Proper simulation of atmospheric blocking is a tough challenge for numerical modelling, both from the weather and the climate point of view. We here investigate blocking representation in GCMs on a less studied time window, i.e. the seasonal timescale. We assess the simulation and prediction of the winter Northern Hemisphere atmospheric blocking in the ECMWF seasonal prediction systems: blocking statistics from the operational November-initialised seasonal hindcasts are evaluated in three generations of models - System3, System4 and System5 (SEAS5) - and in a series of complementary sensitivity experiments.
Overall, we observe improvements in the climatological representation of blocking in the most recent model configurations, with reduced bias over North Pacific and Greenland. However, as seen in many GCMs, minor progress is recorded over the European sector.
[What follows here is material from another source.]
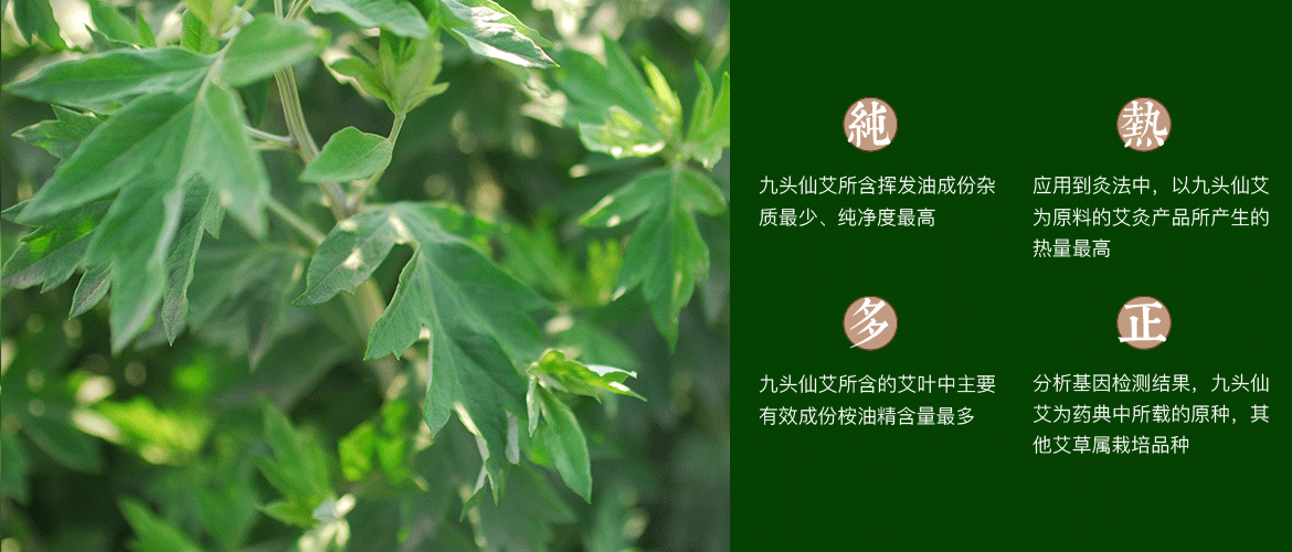 艾叶应用最多的用途在于艾灸,从这份检测数据中,我们看到,九头仙艾应用到灸法中,所产生的热量高于蕲艾、祁艾和川艾,是最高的,因此使用九头仙艾叶为原料的艾灸制品,应用到灸法中,会对施灸者产生更强的灸感,从而达到更好的效果。
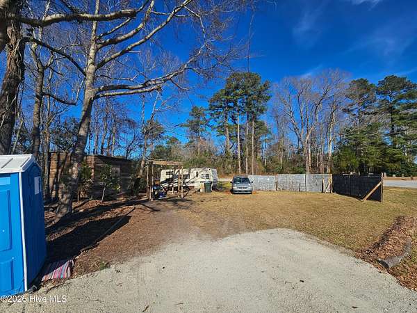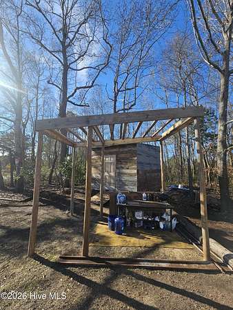 This camping getaway will help you connect with nature. Do you like kayaking & fishing? Offering almost 3 acres of land with creek access plus a nearby boat ramp provides a point for larger crafts to enter the river and sound. This plot also provides a barn, camper, outhouse, covered outdoor kitchen, small walking trails & more Best of all, No HOA or deed restrictions!!

Interannual variability is also underestimated and is found to be proportional to the climatological frequency, highlighting that a negative bias in blocking frequency implies an underestimation of the interannual variance.
Predictive skill and signal-to-noise ratio remain low - also in SEAS5 - but interesting significant results are found over Western and Central Europe. Complementary experiments show that the statistics of blocking are improved following atmospheric and oceanic resolution increase. On the other hand, the implementation of stochastic parametrizations tends to displace blocking activity equatorward.
Finally, by comparing seasonal hindcasts with non-initialised climate runs (based on the same model) we highlight that the largest contributor to the chronic underestimation of blocking are persistent errors in the atmospheric model. It is also shown that the SST errors have a larger impact on blocking bias in climate runs than in seasonal runs, and that increased ocean model resolution contributes to improved blocking more effectively in climate runs.
We conclude that - although the predictive skill is still weak - seasonal forecasts can thus be considered a suitable test-bed for model development targeting blocking improvement in climate models.